Whether composting food waste or buying less plastic, there are numerous ways we can all make more sustainable choices in our everyday lives. Recently, the Conservancy has embraced the idea of sustainability in unique and useful form – agroforestry at Wizard Ranch Nature Preserve.
What Is Agroforestry?
Agroforestry is a land management technique that can be used to enhance habitat quality while at the same time producing raw materials and other benefits like food, lumber, or carbon sequestration. Agroforestry is a tried-and-true land management system. In fact, as Brandon Tennis, Senior Vice President of Stewardship, explains, “This active form of land management was utilized by Indigenous cultures well before European settlers brought their own forms of agroforestry to the region.”
“Applying sustainable and habitat-driven agroforestry practices honors the history of our landscape and reconnects us through stewardship to our natural lands at the opportunity of enhancing ecosystem function and habitat quality,” Tennis adds.
The Conservancy has used agroforestry before when it was appropriate in land management plans. At Wizard Ranch, the Conservancy will utilize several types of agroforestry land management techniques such as coppicing, live stakes, and forest gardens.
When considering agroforestry practices, the Conservancy’s primary goal is always to improve habitat and ecosystem quality. Many times, there is a secondary benefit, such as a supply of wood for projects when certain species of trees like black locust are coppiced to regenerate growth and create a more open understory.

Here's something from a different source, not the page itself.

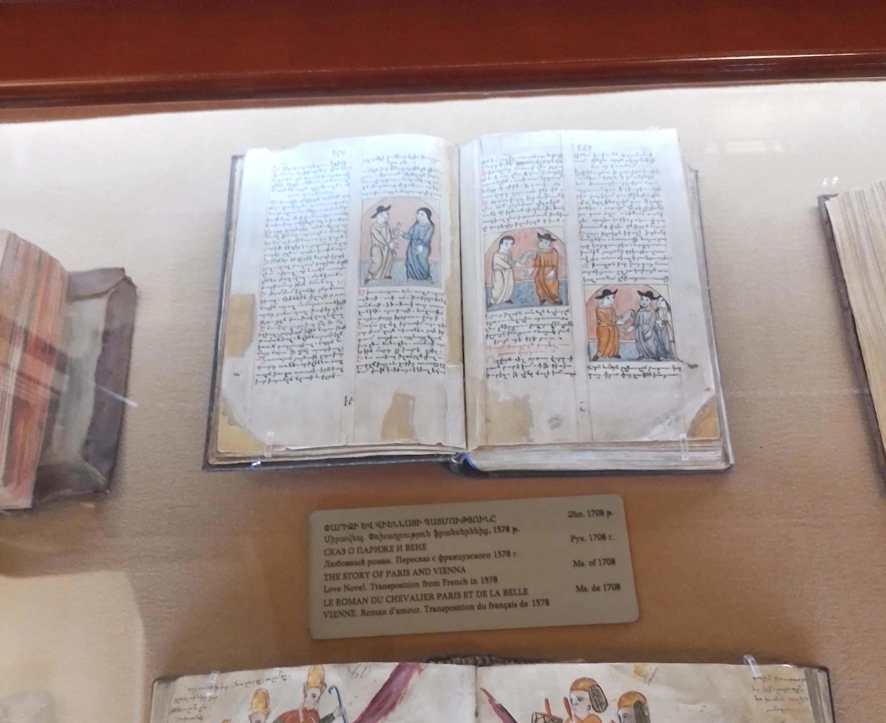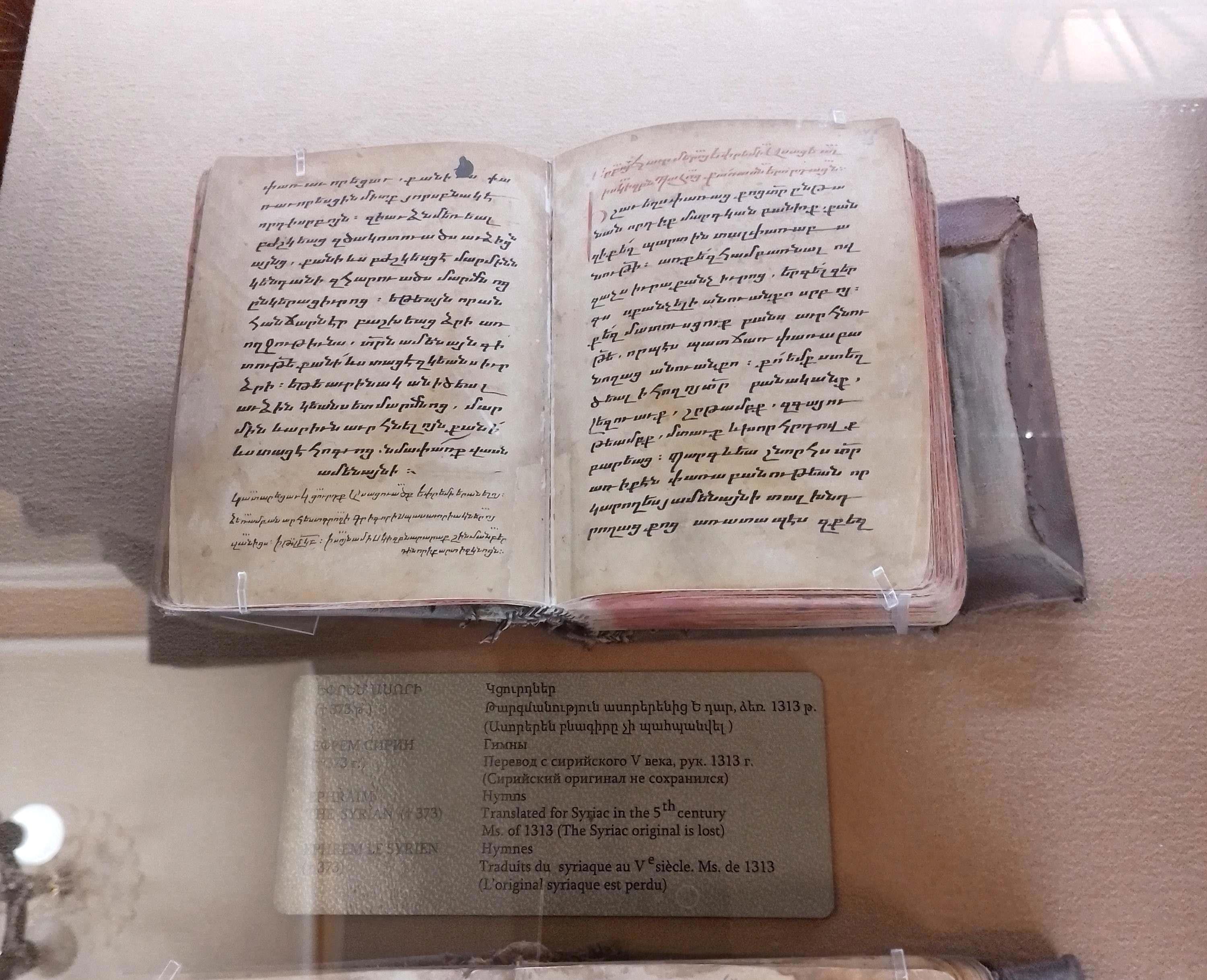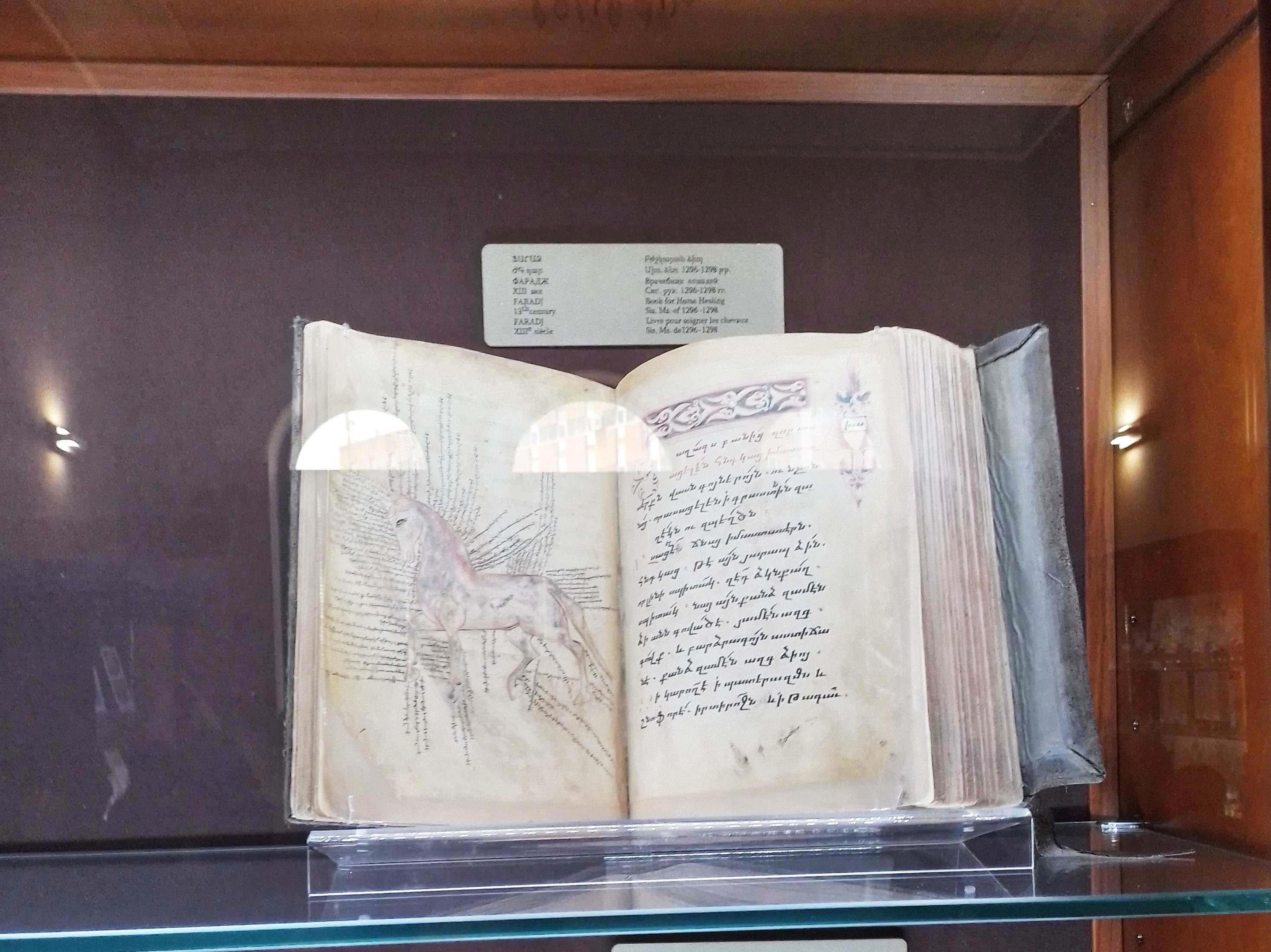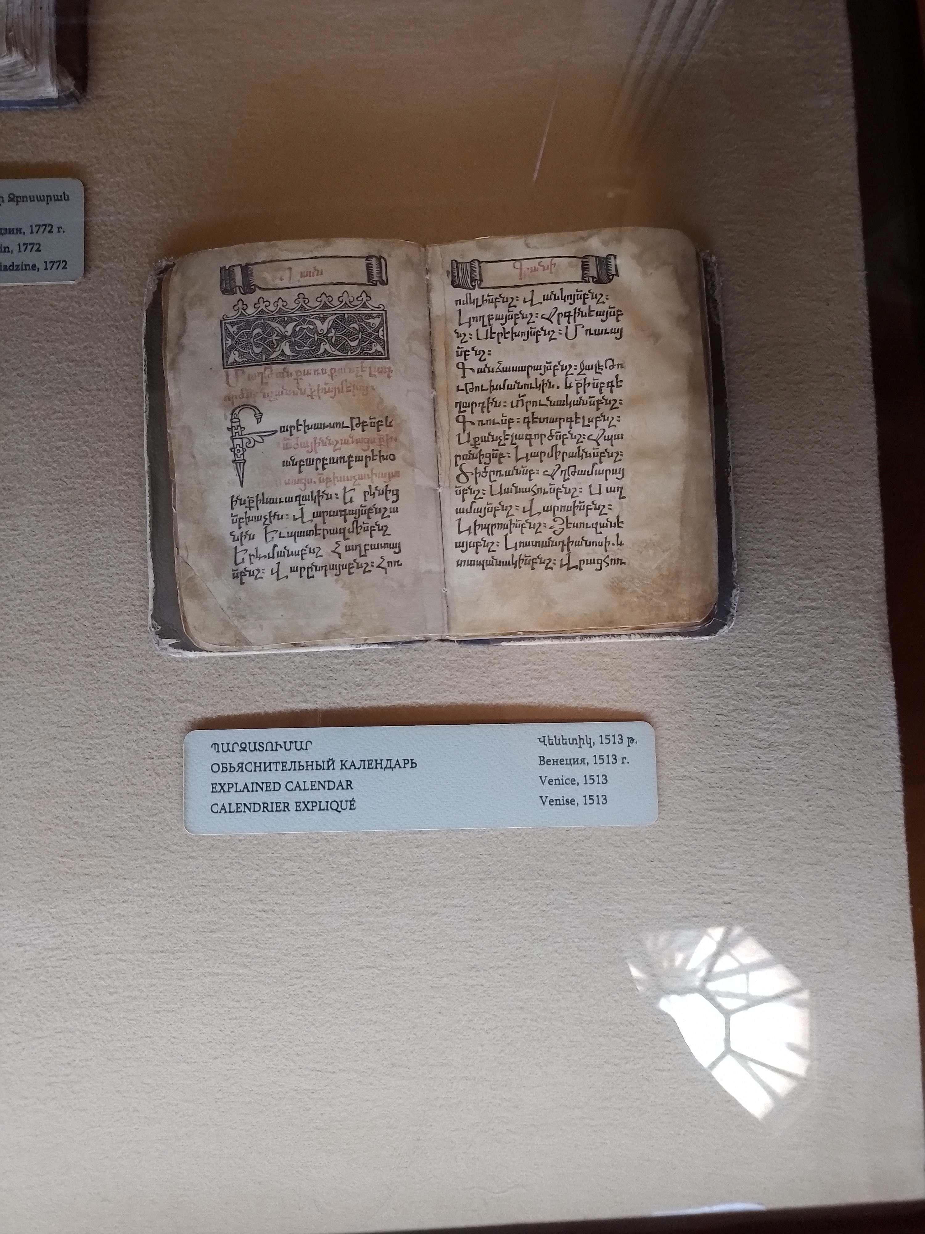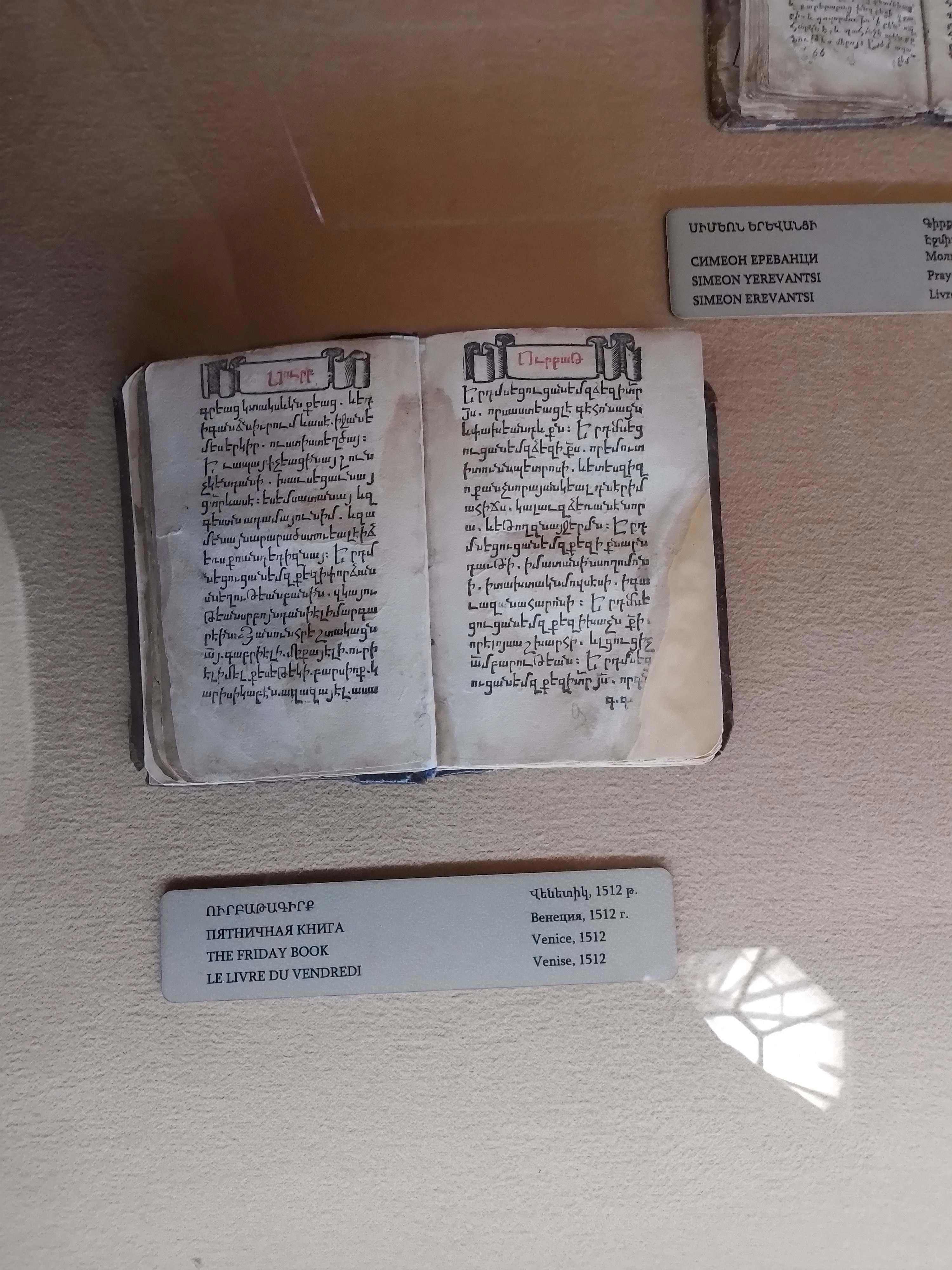 Это первая армянская печатная книга «Урбатагирк» («Пятничная книга»), изданная в Венеции в 1512 году. Священник Акоп Мехапарт (то есть Акоп «Грешный»), издавший книгу, напечатал в ней пять самых простых и практичных вещей, которые любая армянская хозяйка того времени захотела бы иметь у себя дома. Это календарь, сборник самых распространенных церковных песнопений, домашний лечебник, гороскоп и краткий перечень церковных праздников. То есть, то, что на его взгляд можно продать, и то, что купят и будут хранить у себя дома.

How Do We Use Agroforestry?
While we try to minimize the need for built infrastructure when we design access to our nature preserves, it is often necessary to construct things like directional signs, map kiosks, fences, benches, and footbridges – and we have been searching for a way to do this more sustainably. This is where the secondary benefits of our agroforestry projects come into play.
The Conservancy has for a while now been using fallen trees on our preserves as nearby erosion control or stormwater management tools. We have also more recently been using black locust trees coppiced on our own preserves for posts, sign frames, and bollards. But our stewardship team was looking for a way to go even further, and in early 2022, we began to consider the potential usefulness of owning a portable mill. A mill would create even more options beyond signposts for how some larger fallen trees or trees harvested through our agroforestry projects could be sustainably reused on our properties.
In September, we were able to find and purchase an affordable and suitable basic mill at a local auction. The mill was reassembled at Wizard Ranch, and staff was taught how to use it. The first load of lumber we milled was from a restoration project on Wizard Ranch, where black locust trees were removed from deteriorated hedges to combine small meadows into large meadows that are best for ground bird habitat. The resulting black locust lumber, which is highly rot-resistant, will be used to construct footbridges over streams along the new trail system being built at Wizard Ranch. Any leftover wood will be stored to use for future repair or replacement projects.
What Are the Sustainability Wins?
The sustainability wins that come from milling our own lumber are clear in the additional wildlife and habitat benefits of agroforestry. The amount of carbon produced when procuring lumber from other sources is high; there are emissions related to driving to the site to cut the trees, transporting the trees to the mill, sending the lumber to the warehouse and then the store, driving to the store to buy the lumber, and then driving the lumber back to the project site. Milling the lumber derived from agroforestry practices on our own sites cuts out both the carbon emissions and costs associated with procuring lumber elsewhere. As Eric Roper, Forester for the Conservancy, explains, “Not only are we saving the cost of purchasing the lumber, but the carbon footprint of each piece of lumber is reduced significantly as it is not being transported multiple times before being used.”
Another sustainability benefit is the quality of the lumber being milled from our properties versus the quality of commercially produced pressure-treated lumber. Often pressure-treated lumber contains potentially harmful chemicals such as copper, arsenic, and chromium. Using our own higher-quality lumber reduces the quantity of these harsh chemicals being introduced into the nature preserves.
And last but not least is the financial sustainability achieved from milling our own lumber. Decreasing the amount of commercial lumber we need to purchase for access and maintenance projects could eventually provide us with considerable cost savings. Contributing to perpetual financial sustainability of visitor infrastructure projects that rely on resources from the preserved land itself for both building and repair materials for projects that benefit the ecosystems in our preserves and public access to those preserved lands is sustainability at its finest.
Creating disturbance through the coppicing or removal of some trees is a natural and important part of land management and habitat and ecological restoration – especially as natural disturbance through wildland fires has been limited in our area for many years. And while collecting raw materials through agroforestry is secondary to the ecological benefits, the Conservancy, with the addition of this mill, has found a way to take sustainability one step further. As Steve Mohr, Senior Preserves Manager for the Conservancy, put it, “The end result of a workable mill on a Lancaster Conservancy preserve will be a highly efficient, 100% sustainable way to provide necessary building materials for use on our preserves.”